Usually, I will just work something through to figure it out – as I cannot always envision it from the printed word. But since 1) I had cables to consider (and what was I going to do with them now that I was about to hit the saddle shoulders?!) and 2) there were actually two methods presented for making the saddle shoulders and I had to choose one, I decided that I should figure out how the whole process worked.
So, the other night I sat up quite late puzzling & puzzling, figuring & calculating, reading & re-reading & re-reading! EZ’s directions are pithy, blessedy and blastedly concise. I just could not get it all to work out in my head!

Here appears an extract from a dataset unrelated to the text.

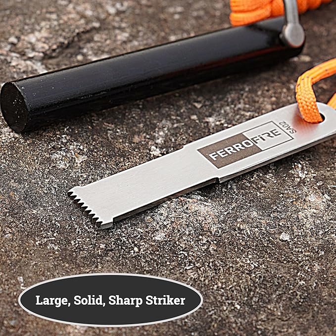 - 【Super-Duty 9/16-Inch Ferro Rod with 20,000+ Strikes】– Maximum Spark & Longevity Command superior firepower with the largest diameter 9/16-inch ferrocerium rod. Engineered for 20,000+ strikes, it produces a dense storm of 5,500°F sparks to easily ignite any tinder. Remarkably compact at 4.9oz, it's the ultimate tactical fire starter for survival, camping, and emergency prep.

I understood (tho there were moments when I panicked and questioned entirely!) that the saddle on the shoulder would be built up from the top of the sleeve between the front and the back – in fact, joining the front and back – to the neck hole. At that point, one either knit one’s way across the back to the other shoulder and built up the corresponding saddle, then built a saddle between the two saddles from the back to the neck hole – or one continued, on a reduced number of stitches, from the first shoulder saddle across the back of the neck (leaving a neck hole) and then stopped and built up the second shoulder saddle (say “second shoulder saddle” 10 times quickly!) and grafted it to the extended first shoulder saddle.
The problem was that I could not get EZ’s number to make sense. And since my numbers were different (since my gauge and size was different), I had to figure out how many stitches, rows, etc. to knit to make the proportions work out. It all looked so simple, but the numbers were screwy. Heaven help me, when they seemed to come out to a solid saddle reaching across the entire shoulder section with no head hole possible I questioned both EZ (may I be forgiven!) and my own sanity!

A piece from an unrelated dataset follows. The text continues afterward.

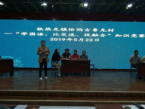 清风网讯(拜城县商务和工业信息化局:吐尼亚孜·阿不都热衣木 杨亚龙)为大力推进辖区农牧民国家通用语言教育活动,营造“学国语、讲国语、用国语”的浓厚氛围。2019年5月22日晚,恰玛古鲁克村驻村工作队和村委会举办了“学国语、比交流、促融合”国语知识竞赛活动,“访惠聚”工作队、村干部以及各族群众共计87名参加了活动。

It turns out that when she said (so calmly & concisely):
Work back and forth on the 32 stitches for 44 rows. At the end of the knit rows, sl 1, K1, psso (or SSK); at the end of the purl rows, purl 2 together, each time nipping off one stitch from back or front respectively.
I imagined that 44 sts were used up on both the front and back – bringing one half-way across the top of the sweater. Then one was to do the same on the other side – filling up the whole shoulder section with no place for a head hole! It took me a shamefully long time to realize that one would only use up 22 sts on each side (front & back) – since one alternated taking a stitch form the front on one row, from the back on the next row. Duh!
The next brain cramp came when I reckoned this up as about ¼ of the approx. 88 stitches that existed at the tops of the back & front – not 1/3 as it should be. In fact, having worked off 22 stitches, knitting one’s way “across 43 stitches to the other side” in order to repeat would only get one part way there (65 of the 88 stitch distance)! Augh! Now, I would not only have a head hole, but an extra hole at the top of the sleeve before the 2nd saddle started! That couldn’t be right!
And (after much calculating and gnashing of teeth), I realized my 2nd major error. I had forgotten that in decreasing the sleeve stitches with a double decrease I had been decreasing the front & back stitches too! So, EZ’s 88 stitches would have worked down to 66 – 22 stitches for each shoulder and 22 for the head hole. Textbook proportions!
Sanity restored! The world was as it should be. And when I started playing around with my cables (at this point I think George had given up on the probability of our ever getting to bed and was silently immersed in a session of Angry Birds), I found that I could continue the cable lines up into a very attractive cable pattern along the back of the shoulders – and I had the numbers (my numbers – the actual numbers of stitches and rows I would need to complete the shoulders!) to ensure that my cable repeats would come out symmetrically. Wow! EZ brilliance triumphs again!